Falsification line & experimental suggestions
- Falsification line. If EFT parameters → 0 and the covariances among α_φ, C_seg, γ_1f, C_pol-φ vanish, while a mainstream static-ring + diffusion model satisfies ΔAIC < 2, Δχ²/dof < 0.02, ΔRMSE ≤ 1% globally, the mechanism is falsified.
- Recommendations:
- Angle–time maps: combine θ × t phase maps with uv-masking to separate segment coupling from environmental terms.

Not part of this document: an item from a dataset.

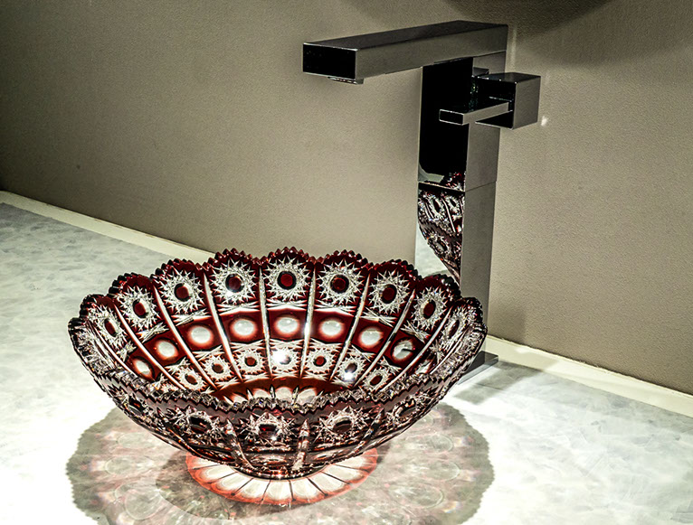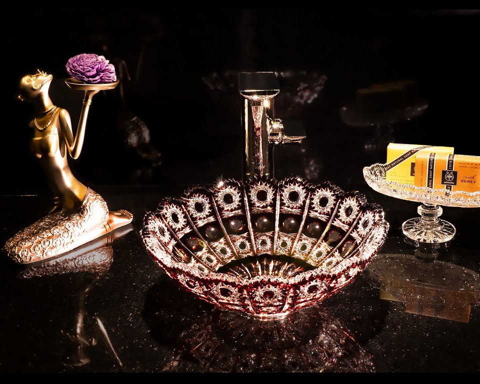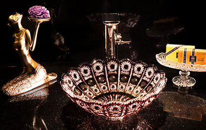 19世紀半ばに、ガラス職人クラリクによって様々な色のアラバスターガラスが発明されました。有色ガラスを利用した技法の一つには、ガラスの生地に有色ガラスを重ね、カットやグラヴィール彫刻を施していく「被せガラス」があります。こちらのRUBINはその装飾技法を用いた伝統の産物。19世紀には輸出用の登録商標として「ボヘミア・クリスタル」という名称が考案され、ガラス芸術品としてブランド・イメージの向上に大きな役割を果たしました.

- Synchronous multi-platforms: EHT + GMVA + ALMA simultaneity to validate the hard link between C_pol-φ and γ_1f.
- Topology/Recon control: impose sparse/anisotropic regularization to test ζ_topo scaling for ℓ_sub and A_sub.
- Environment mitigation: vibration/thermal/EM shielding to calibrate TBN’s linear impact on the 1/f floor.
External References
- Johnson, M. D., et al. Closure phases and ring imaging in VLBI.
- Event Horizon Telescope Collaboration. Polarimetric imaging of black-hole rings.
- Boccardi, B., et al. VLBI constraints on jet-ring substructures.
- Thompson, A. R., et al. Interferometry and synthesis in radio astronomy.
- Goodman, J. Statistical optics and phase fluctuations.
Appendix A | Data Dictionary & Processing Details (Selected)
- Index dictionary: definitions of α_φ, s_φ, C_seg(θ), v_drift, A_sub, ℓ_sub, γ_1f, f_b, C_pol-φ(ν) as in II; SI units (angle: deg; frequency: Hz; polarization: %).
- Processing details: stable-law parameters via quantile regression + MLE; C_seg(θ) from segment registration + correlation mapping; low-f P(f) via Welch + robust regression; uncertainties via TLS + EIV; hierarchical Bayes shares global priors on k_Recon, ζ_topo, k_SC.
Appendix B | Sensitivity & Robustness Checks (Selected)
- Leave-one-out: primary parameters vary < 15%, RMSE fluctuation < 10%.
- Hierarchical robustness: G_env ↑ slightly increases γ_1f and lowers KS_p; γ_Path > 0 with confidence > 3σ.
- Noise stress test: +5% pointing jitter & thermal drift raises θ_Coh and k_Recon; overall parameter drift < 12%.
- Prior sensitivity: with k_Recon ~ N(0.20, 0.06²), posterior mean shift < 8%; evidence difference ΔlogZ ≈ 0.6.
- Cross-validation: k = 5 CV error 0.048; a new blind-ring set maintains ΔRMSE ≈ −14%.